EN - Otavio Raja Gabaglia is the celebrated Brazilian architect who Emmanuelle de Clermont Tonnerre brought in to transform her beachfront home into a boutique hotel. Gabaglia’s combination of wooden beams, terracotta roof tiles, and glass with a restricted height of 2 only floors means the hotel integrates itself perfectly into nature. Gabaglia’s 2-story designs have actually now become local architectural law and Buzios itself has kept much of its original charm; at its heart it’s still the tiny fishing village that Brigitte Bardot fell in love with in the 1960s. Typical Brazilian materials, such as wood and Portuguese stone, are prevalent throughout Insólito, together with the local flora. The hotel looks out over the Atlantic Ocean, which serves as a playground for wakeboarding, sailing and windsurfing aficionados.
The interior space was modernized in 2006, by the Rio de Janiero based architect and decorator Luiz Fernando Grabowsky. He brought in sweeping floor-to-ceiling windows and increased the number of terraces, giving the rooms and suites the feeling of more air and space. In 2007, the landscape gardener Anouck Barcat joined the team and is responsible for the tropical flowers and lush plant life that you see all over Insólito. The result is a thoroughly modern hotel that still feels at one with nature. Social responsibility and working in partnership with sustainable companies is of the utmost importance to Emmanuelle. Consequently all of Insólito’s furniture is made by Brazilian companies who only use rough, recycled or certified wood --- the perfect silent protest to deforestation. The same goes for the furniture found in the hotel’s 3000 m2 Beach Lounge, which is made of licensed wood while the bar is a stunning focal-piece that’s carved from a 1000- year old tree root. Insólito’s interior is an intriguing journey through Brazil’s culture that’s full of energizing colors and fascinating stories.

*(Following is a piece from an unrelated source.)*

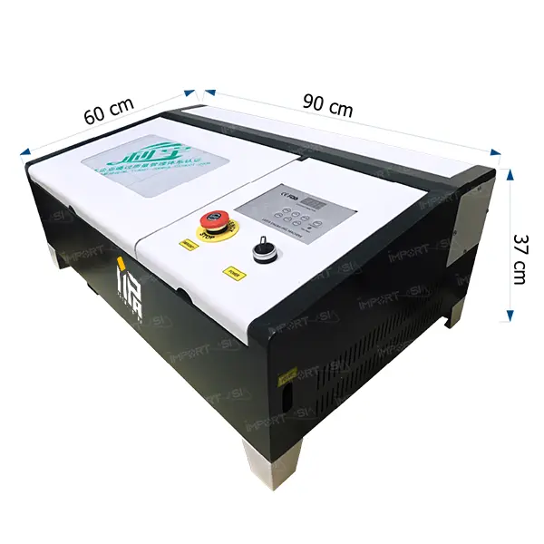 La máquina láser KL-320 presenta un diseño compacto, lo que la convierte en una opción ideal para una variedad de entornos laborales. Con unas dimensiones totales de: 60 cm de largo, 90 cm de ancho y 37 cm de alto, su tamaño la hace versátil para diferentes espacios. Además, sus patas inferiores proporcionan una gran estabilidad, permitiendo realizar los trabajos que necesites con confianza.
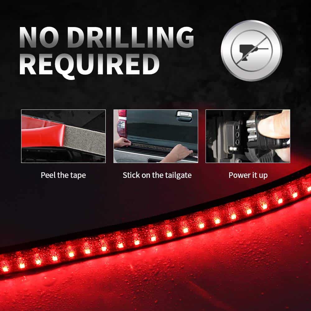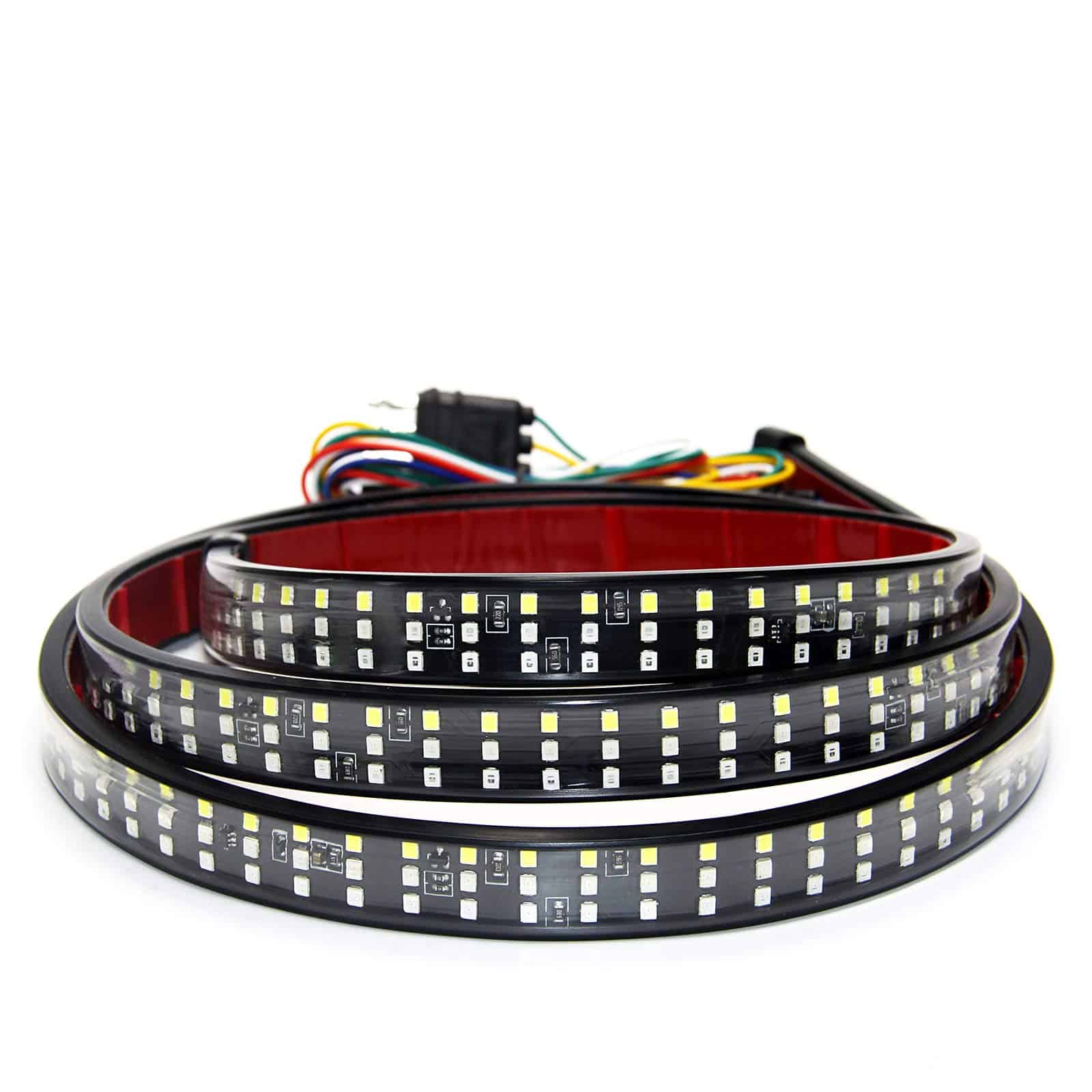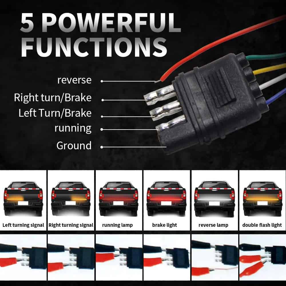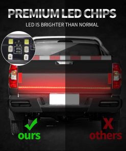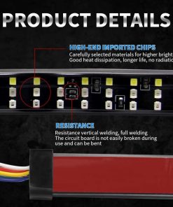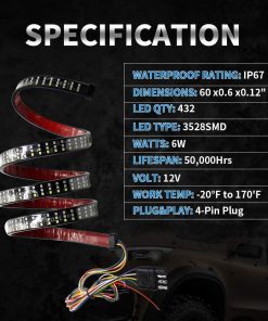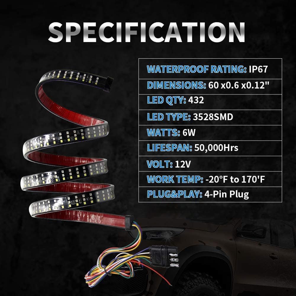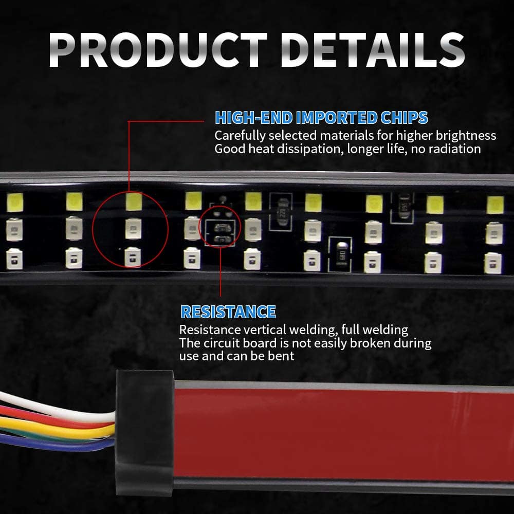 Barra de luz LED para la parte trasera de 60 pulgadas OPL5, luces de la parte trasera del camión de tres filas con conector plano de 4 vías Luces de giro ámbar Luces de freno rojas Luces de marcha blancas Luces de reversa Luces estroboscópicas para camiones de remolque de recolección (60″ 3 filas). La barra de luz de la parte trasera de LED cuenta con 5 funciones completas de luz de freno, señal de giro, marcha, reversa y luz estroboscópica. La barra de luz de tres filas emite el modo de luz baja de color rojo para las luces de marcha, ámbar para las luces de señal de giro izquierda/derecha, rojo brillante para el freno, blanco para la marcha atrás, y ámbar intermitente para la luz estroboscópica de emergencia. La barra de luz para la parte trasera de tres filas de 60 pulgadas con 432 LED 2835SMD es un 300% más brillante que otras tiras de luz de una sola fila, recordando eficazmente a los vehículos detrás de usted y mejorando las señales de fábrica de su camión de tamaño completo. El diseño ultra brillante mejora drásticamente la seguridad del conductor en la carretera. La barra de luz de la parte trasera viene con un cable conector plano de 4 vías, un enchufe plano de 4 pines bien conductor y cinta adhesiva autoadhesiva, que se puede pegar fácilmente en cualquier superficie lisa, sin necesidad de perforar para la instalación. El adhesivo resistente aumenta más de 5 veces la fuerza de sujeción, sin preocupaciones de que se caiga. La tasa de impermeabilidad IP67 adopta un envolvente de silicona completamente sellado, que funciona bien ya sea en días lluviosos o nevados. Esta tira de luz flexible tiene 60 pulgadas de longitud y es perfecta para la mayoría de camionetas, remolques, autos, SUV, RV, VAN, etc. Funciona con un voltaje amplio de CC 12V. Compre con confianza, ofrecemos una garantía de un año y servicio de respuesta las 24 horas. Damos gran importancia al servicio antes y después de la venta, si tiene alguna pregunta, no dude en contactarnos. Le responderemos dentro de las 24 horas, sin importar los fines de semana o días festivos.

The rooms and suites are split across four different houses: Casa Cultura Negra, Casa Terra-Brazil, Casa Fotografia e Literature and Casa de Musica, with each room’s theme celebratedthroughout the furniture, photography, paintings and design. Emmanuelle traveled all over Brazil searching for the right art pieces and collectables with which to furnish the Insolito. There’s George Nelson chairs, recycled rubber carpets by Cecelia Machado and a wooden sofa sculpture made by Elma Chavez. These unique bespoke pieces sit comfortably amongst the photos, graphics and artwork created by both famous and local Brazilian artists and designers. Insolito clearly revels in its Brazilian personality whilst being proud of its natural setting and the luxuries it can offer its guests. As Emmanuelle says herself, ‘‘it’s all about offering a luxury that’s socially acceptable’’.